Valerie Carey: How to Make Your Resume “Fool” LLMs

Team Members: Qike Jiang, Yuewen Yan, Mark Xu, Yang Zhang

This open-ended project aimed to compare the results of analyzing a resume dataset using different models, ranging from conventional machine learning approaches to large language models (LLMs) accessed via API. The analysis was conducted either by training models with labeled datasets of resumes with known job categories or by directly prompting the LLM. Results showed that the LLM achieved relatively high classification accuracy, particularly on resumes that used less standard wording. The study also revealed that LLMs detect certain types of keywords that can represent candidates’ career levels. Therefore, candidates can, to some extent, improve their resumes by using terms more likely to be interpreted as indicators of higher career levels.
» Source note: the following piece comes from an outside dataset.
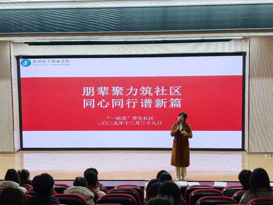 活动伊始,田青青全面回顾了2025年学校“一站式”学生社区建设的亮眼成绩单。她指出,过去一年,依托学校“1236”建设机制和“4e”社区理念,在各学生组织的积极参与和全力配合下,社区在学生自治、服务保障、文化建设等方面取得了阶段性成效,强调学生骨干们在新一年的工作中,要持续强化“自我管理、自我服务、自我监督”的“三自”理念,充分发挥主体作用,让社区服务更贴合学生需求、更具温度实效,推动社区建设提质增效。

Benchmark Labs: Point-Specific Wave Forecasting to Support Offshore Wind Farm Operations

Team Members: Brennan Kalinowski, Tarun Paravasthu, Sean Tian, Madeleine Johnson

Rel8ed: Leveraging Data Science for Supply Chain & Risk Mitigation

Team Members: Diego Velázquez, Erjia Meng, Luca Laport, Zhe Chen, Zhefu Qin

Rel8ed aimed to improve its ability to assess business risk among small and medium-sized enterprises by analyzing both structured and unstructured data. The goal of this project was to help Rel8ed uncover hidden risk patterns across global supply chains by leveraging available risk indicators—Country Risk Assessment (CRA), Sector Risk Assessment (SRA), and Debtor Risk Assessment (DRA). The team used K-Means clustering to segment firms into risk-based groups, identifying shared characteristics and anomalies within the business landscape. They also conducted network analysis to map key shipper–consignee relationships, revealing where trade volume is concentrated and where financial, political, or sectoral risks are embedded. In addition, the team explored predictive modeling techniques to improve the classification of high-risk companies. The findings showed that many central trade hubs are heavily exposed to risky partners. These models and visualizations will support Rel8ed in delivering targeted, data-driven insights for supply chain risk monitoring.